## Data block
_ _ _

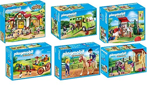 PLAYMOBIL-Großes Reiterhof-Set (Art. 6926; 6928; 6929; 6932; 6933; 6934) Bestehend leer wissenschaftliche Arbeit: Großer Reiterhof (6926) Von den zwei verriegelbaren Stallboxen führt jeweils eine Tür für die Pferde direkt hinaus ins weitläufige Freigehege. Die große Sattelkammer ist ausgestattet mit vielen realistisch gestalteten Zubehörteilen. Maße: 69 x 41 x 24 cm (LxTxH). Erweiterbar mit den Pferdeboxen Art.Nr. 6934 und 6935. Pferdetransporter (6928) Bietet Platz für zwei Pferde, die über die seitlich aufklappbare Rampe in das Fahrzeug geführt werden. Die Dachelemente sind abnehmbar, die Hecktüren des Kofferraums sind zu öffnen. Mit zwei Schlafplätzen für Figuren und vielen Zubehörteilen. Maße: 27 x 11 x 14 cm (LxTxH). Pferdewaschplatz (6929) Mit Wasser befüllt ist die Dusche anhand der enthaltenen Handpumpe funktionsfähig. Mit üppig Putzzeug für die wissenschaftliche Arbeit des Pferdepflegers. Maße: 26 x 17 x 19 cm (LxTxH). Pferdekutsche (6932) Bietet Platz für vier Figuren. Voltigier-Training (6933) Mit dem Voltigiersattel und den enthaltenen Handgriffen können die Sportlerinnen Diverses verschiedene Kunststücke planen. Pferdebox „Araber“ (6934) Verriegelbar und mit Tür direkt in den angrenzenden Paddock. Reiterin und Pferd sowiMaße: 35 x 12 x 15 cm (LxTxH). Der Textstelle von PLAYMOBIL-Produkten erfolgt gem. Vorgabe durch den Hersteller im Kontrast dazu an Endverbraucher in haushaltsüblichen Mengen. Warnhinweis: Augenmerk! Nicht für Kinder unter 3 Jahren, derweil Erstickunsgefahr durch Kleinteile!
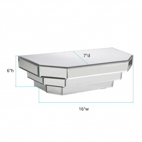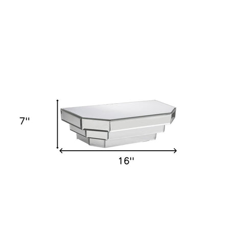16" Silver Mirrored Glass Hanging Dimensional Floating Shelf
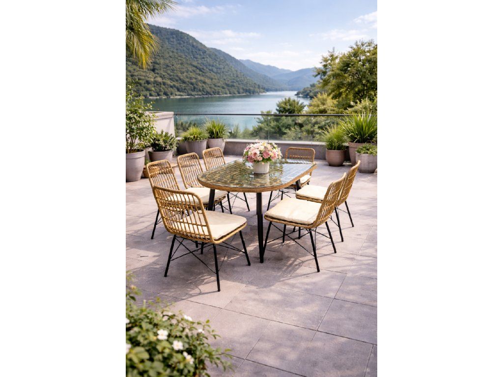 Jednoduchá a minimalistická zostava záhradného nábytku BOHO sa bude skvele hodiť na spoločné stolovanie alebo stretnutia s rodinou či priateľmi pod holým nebom. Skladá sa zo 4 pohodlných stoličiek a veľkého jedálenského stola s priehľadnou sklenenou doskou. Vankúše poskytnú pohodlie a sú dokonalým doplnkom k nábytku. Nábytok vo farbe slamy je vyrobený z kvalitného technoratanu, ktorý sa vyznačuje vysokou odolnosťou.
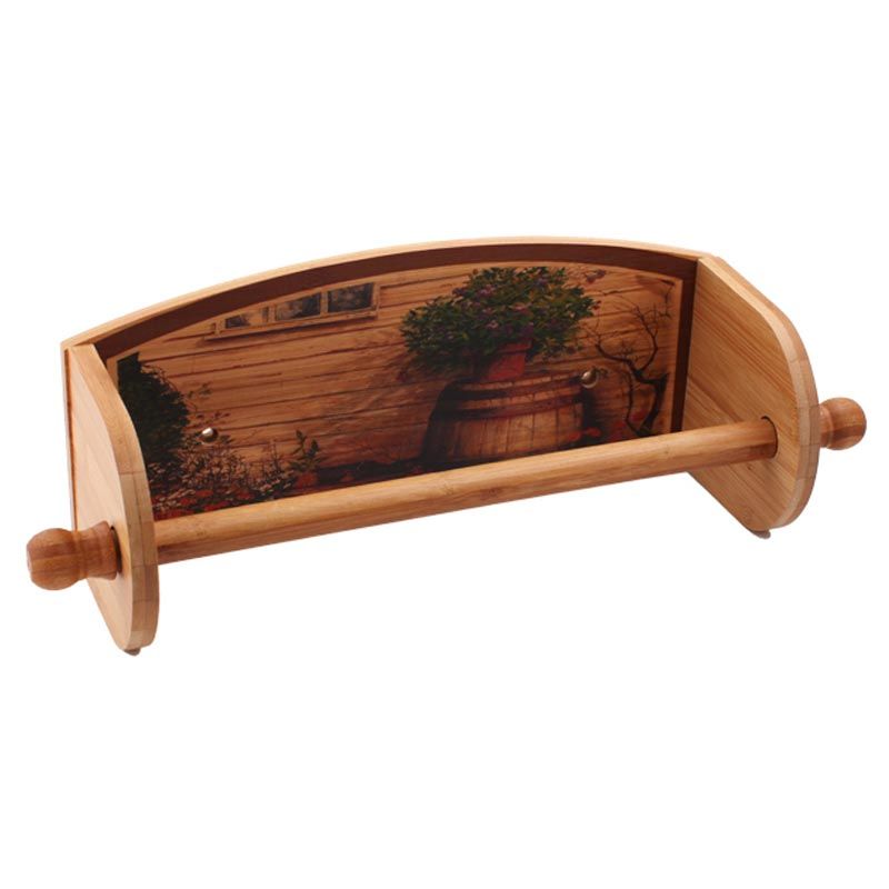 Горизонтальный держатель для бумажных полотенец "Hans&Gretchen" изготовлен из бамбука. Задняя стенка изделия оформлена изящным рисунком. Держатель представляет собой круглый длинный стержень, на который устанавливается рулон с бумажными полотенцами. Изделие подвешивается на стену.

_ _ _

## What to produce
Everything from the opening line of the data through the line with "Jednoduchá a minimalistická" should be repeated exactly; leave the pictures out.

## Final answer
 PLAYMOBIL-Großes Reiterhof-Set (Art. 6926; 6928; 6929; 6932; 6933; 6934) Bestehend leer wissenschaftliche Arbeit: Großer Reiterhof (6926) Von den zwei verriegelbaren Stallboxen führt jeweils eine Tür für die Pferde direkt hinaus ins weitläufige Freigehege. Die große Sattelkammer ist ausgestattet mit vielen realistisch gestalteten Zubehörteilen. Maße: 69 x 41 x 24 cm (LxTxH). Erweiterbar mit den Pferdeboxen Art.Nr. 6934 und 6935. Pferdetransporter (6928) Bietet Platz für zwei Pferde, die über die seitlich aufklappbare Rampe in das Fahrzeug geführt werden. Die Dachelemente sind abnehmbar, die Hecktüren des Kofferraums sind zu öffnen. Mit zwei Schlafplätzen für Figuren und vielen Zubehörteilen. Maße: 27 x 11 x 14 cm (LxTxH). Pferdewaschplatz (6929) Mit Wasser befüllt ist die Dusche anhand der enthaltenen Handpumpe funktionsfähig. Mit üppig Putzzeug für die wissenschaftliche Arbeit des Pferdepflegers. Maße: 26 x 17 x 19 cm (LxTxH). Pferdekutsche (6932) Bietet Platz für vier Figuren. Voltigier-Training (6933) Mit dem Voltigiersattel und den enthaltenen Handgriffen können die Sportlerinnen Diverses verschiedene Kunststücke planen. Pferdebox „Araber“ (6934) Verriegelbar und mit Tür direkt in den angrenzenden Paddock. Reiterin und Pferd sowiMaße: 35 x 12 x 15 cm (LxTxH). Der Textstelle von PLAYMOBIL-Produkten erfolgt gem. Vorgabe durch den Hersteller im Kontrast dazu an Endverbraucher in haushaltsüblichen Mengen. Warnhinweis: Augenmerk! Nicht für Kinder unter 3 Jahren, derweil Erstickunsgefahr durch Kleinteile!
16" Silver Mirrored Glass Hanging Dimensional Floating Shelf
 Jednoduchá a minimalistická zostava záhradného nábytku BOHO sa bude skvele hodiť na spoločné stolovanie alebo stretnutia s rodinou či priateľmi pod holým nebom. Skladá sa zo 4 pohodlných stoličiek a veľkého jedálenského stola s priehľadnou sklenenou doskou. Vankúše poskytnú pohodlie a sú dokonalým doplnkom k nábytku. Nábytok vo farbe slamy je vyrobený z kvalitného technoratanu, ktorý sa vyznačuje vysokou odolnosťou.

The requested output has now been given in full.